Details about the Biketopia! Kickstarter can be found at the bottom of this post. 
Publishing
SPS! What is it about physical publishing that excites you in 2017?
EB: Oh, I love it. Everything about publishing excites me. It’s a big, complicated puzzle and there is no limit to how much you can learn or what you can accomplish. My favorite part, if I had to pick one, is seeing the way people respond to our books and zines in our store and at events—like they’ve been hungry for a long time and have just spotted some really delicious food. That’s what’s most fulfilling: producing books that speak to people and help them imagine the world and their lives in different ways.
SPS! Your first kickstarter was back in 2010. Since then you have launched at least 23 campaigns to get various zines and books printed - It’s obviously a sustainable model to get things done/published:
Is your goal to build a movement, grow a community, or both?
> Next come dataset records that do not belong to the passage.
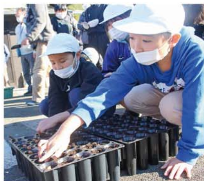
ドングリの種まきをする児童

遊休農地を活用したウバメガシの森づくりに取り組む田辺市の秋津川振興会は12月6日、地域住民や地元の小中学生らと協力し、ドングリの種まきやウバメガシの植樹などを行った。 秋津川地区では、農業従事者の高齢化や後継者の減少に伴い、遊休農地が増え有害鳥獣のすみかとなっていることが問題視されている。一方、当地域は紀州備長炭の発祥の地とされ、原木のウバメガシ林の確保が喫緊の課題でもある。 そのような中、同会では
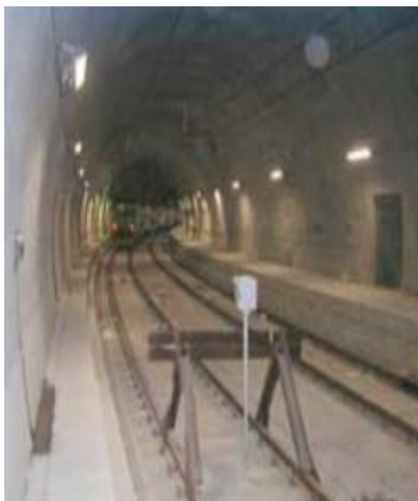
Asta di manovra di Dateo.

La stazione Vittoria sarà centro d'interscambio con le linee 90-91 (circonvallazione filoviaria) -92 e 93.
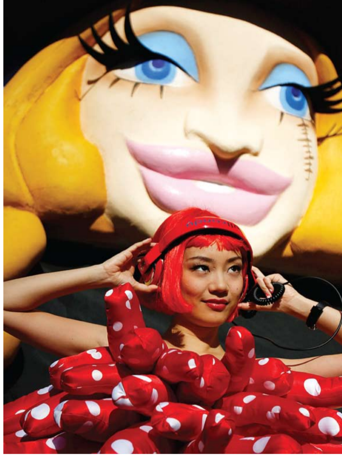
فتاة تردي زياً غريباً خلال مشاركتها في موكب هالوين في كاواساكي جنوب طوكيو.

ودفعت هذه النتائج المختصين إلى تقديم النصيحة للنساء المولعات بالتعرض لأشعة الشمس باستمرار بعدم تجاهل أهمية المستحضرات التي تحمي الجلد والبشرة من أضرار هذه الأشعة، إذ أنها تحد من وتيرة تهرل البشرة، بالإضافة إلى أنها وقاية من الإصابة بمرض سرطان الجلد.
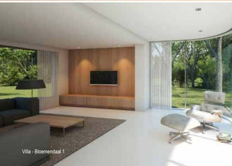
Villa - Bloemendaal 1
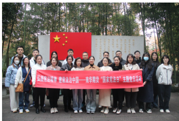
南华期货党委开展主题党日活动

此外, 公司把工会职工代表小组活动与党支部定期的理论学习有机结合, 组织职工代表走进党组织, 参加党委、党支部开展的各项活动, 学党课、观党史, 倡议员工在“学习强国”平台上学习各类专业知识, 不断提高政治站位, 以党建引领, 开拓创新思路。2024年7月6日, 南华期货党委联合工会组织党员和工会代表前往浙江嘉兴南湖革命纪念馆, 瞻仰党的诞生地, 回顾建党历史, 重温入党誓词, 增强理想信念, 赓续红色血脉。2024年10月29日, 南华期货党委、工会、团委组织党员、职工共同观看抗美援朝爱国题材影片《志愿军存亡之战》, 回顾波澜壮阔的历史。
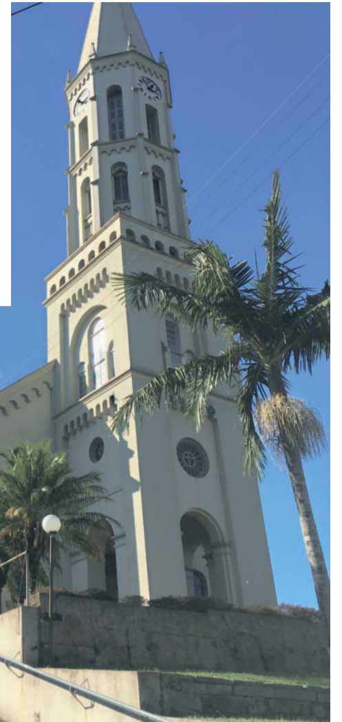
Igreja Matriz São Pedro

Em 12/5/2021, Poço das Antas, valorizando as pessoas, sua história e sua cultura, com muito orgulho e afirmação parabeniza e saúda: pessoas, servidores, vereadores, setores e comunidades. Saúda seu povo trabalhador, crianças, estudantes, jovens, adultos e idosos.

EB: Both! My official job title nowadays is “marketing director.” For a number of years I was a bicycle activist in Portland, and marketing is nearly identical to activist movement building. For either one, the community has to exist first, or at least enough people who would be part of the community if they knew it existed. Having good literature that represents that movement and its debates and brings it to a wider audience can help a community grow and help members find each other and see the bigger picture.
SPS! If you were starting a zine for the first time in 2017 would you still use Kickstarter or use another platform - Patreon etc? or do something else?
EB: Funny you ask -- I’m actually bringing Taking the Lane zine back this year. I gave it up for books for a while, but honestly, zines sell better. They feel more special, I think. People seek them out and are really stoked to get their hands on them. Publishing books is great, but the stuff I do under my feminist bicycling imprint doesn’t really fit on any shelf at a bookstore, so I’m dialing a lot of it back to the underground. But to answer your question, I’m planning to keep using Kickstarter to fund the zines. And I’m getting ready to open a Patreon later this month! Microcosm, my parent company, just launched one, and I’m learning a lot about how to use it. https://www.patreon.com/microcosm
SPS! Theoretically, do you think there is any utility in small scale niche publishers/zines who rely on their community for support to publish their accounts?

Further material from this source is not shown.